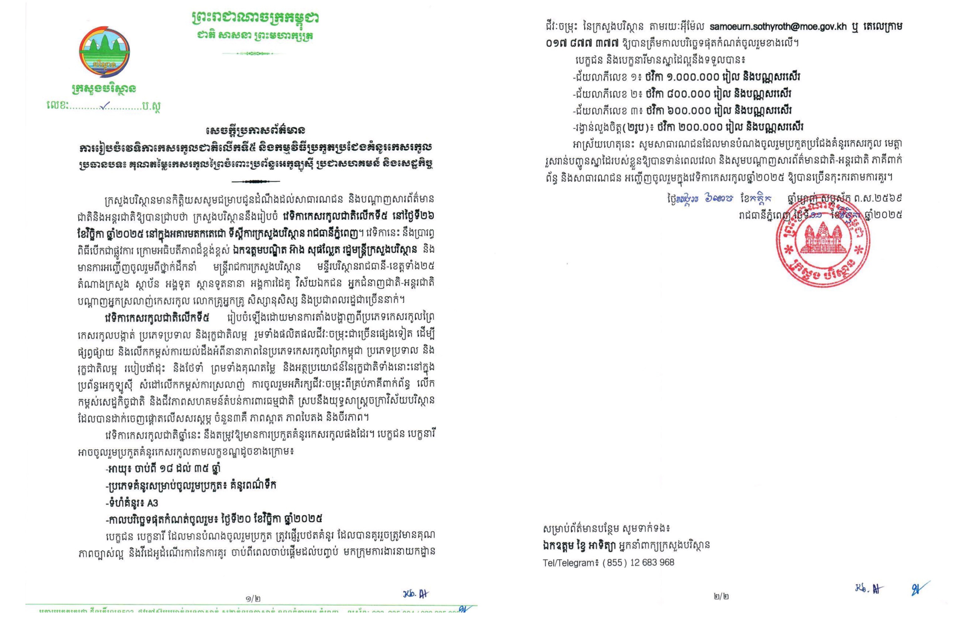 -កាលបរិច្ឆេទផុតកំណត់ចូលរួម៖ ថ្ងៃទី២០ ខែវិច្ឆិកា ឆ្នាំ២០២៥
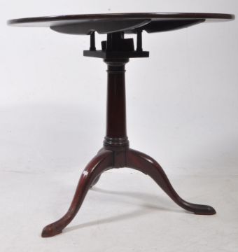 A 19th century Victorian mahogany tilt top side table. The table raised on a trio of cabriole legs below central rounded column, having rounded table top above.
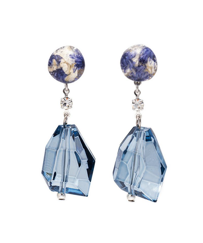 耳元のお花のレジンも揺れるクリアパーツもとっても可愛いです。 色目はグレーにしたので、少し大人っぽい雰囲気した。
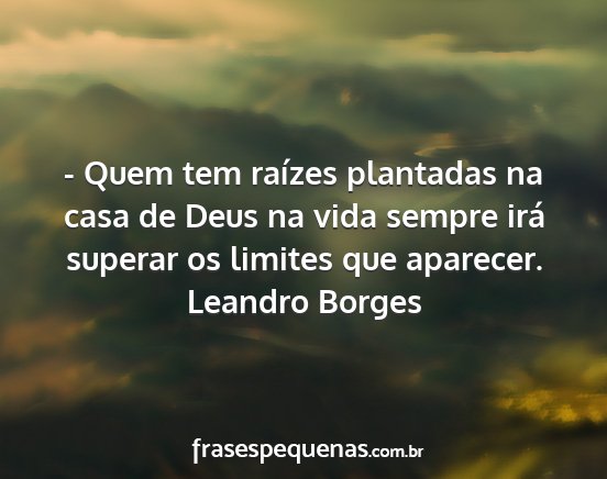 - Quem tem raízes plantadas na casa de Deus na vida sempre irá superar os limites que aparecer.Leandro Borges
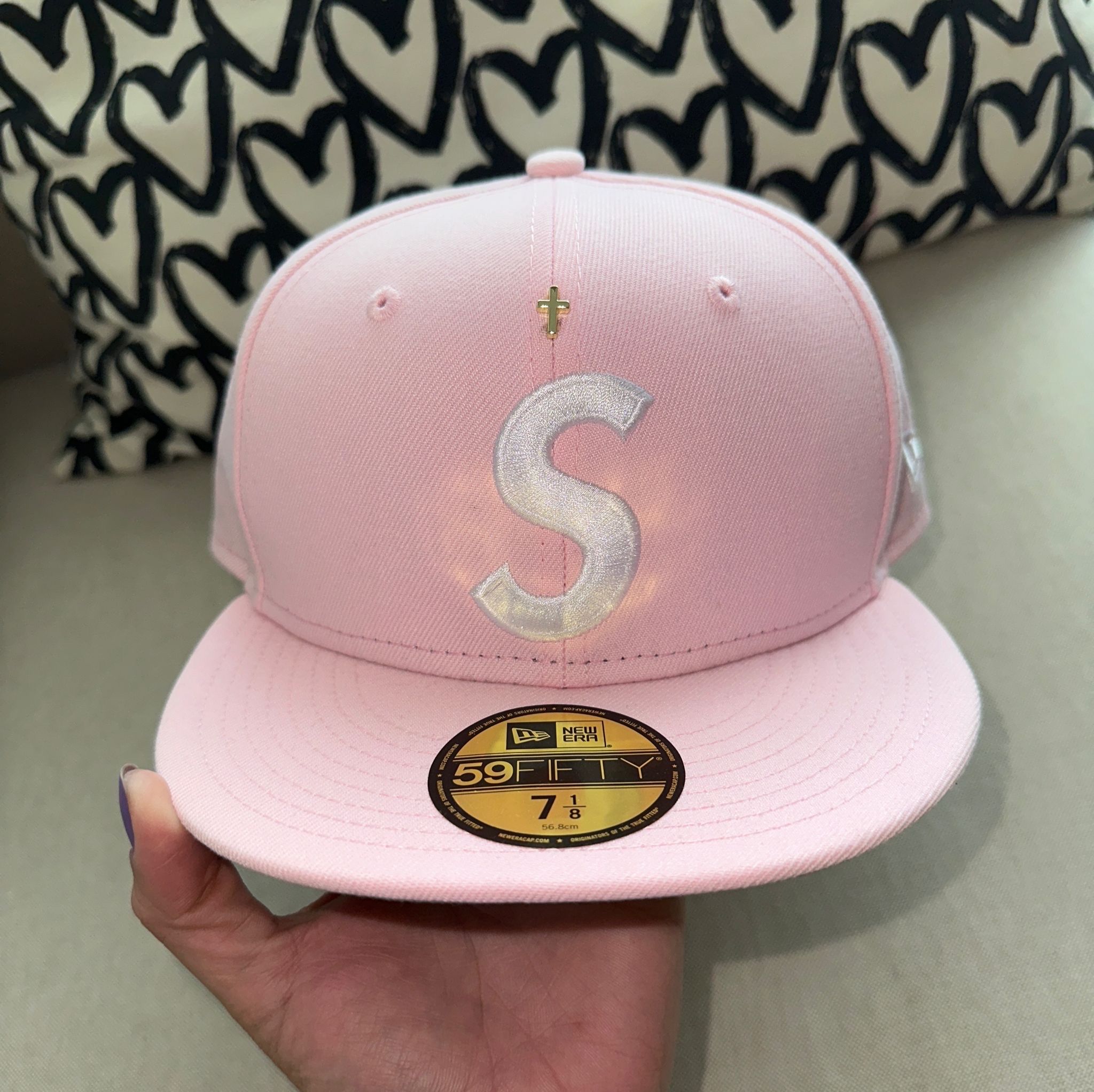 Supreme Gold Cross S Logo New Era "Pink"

──────────────────────────────

WHAT TO WORK ON: Copy the data verbatim, skipping any image it holds.

ANSWER:
 -កាលបរិច្ឆេទផុតកំណត់ចូលរួម៖ ថ្ងៃទី២០ ខែវិច្ឆិកា ឆ្នាំ២០២៥
 A 19th century Victorian mahogany tilt top side table. The table raised on a trio of cabriole legs below central rounded column, having rounded table top above.
 耳元のお花のレジンも揺れるクリアパーツもとっても可愛いです。 色目はグレーにしたので、少し大人っぽい雰囲気した。
 - Quem tem raízes plantadas na casa de Deus na vida sempre irá superar os limites que aparecer.Leandro Borges
 Supreme Gold Cross S Logo New Era "Pink"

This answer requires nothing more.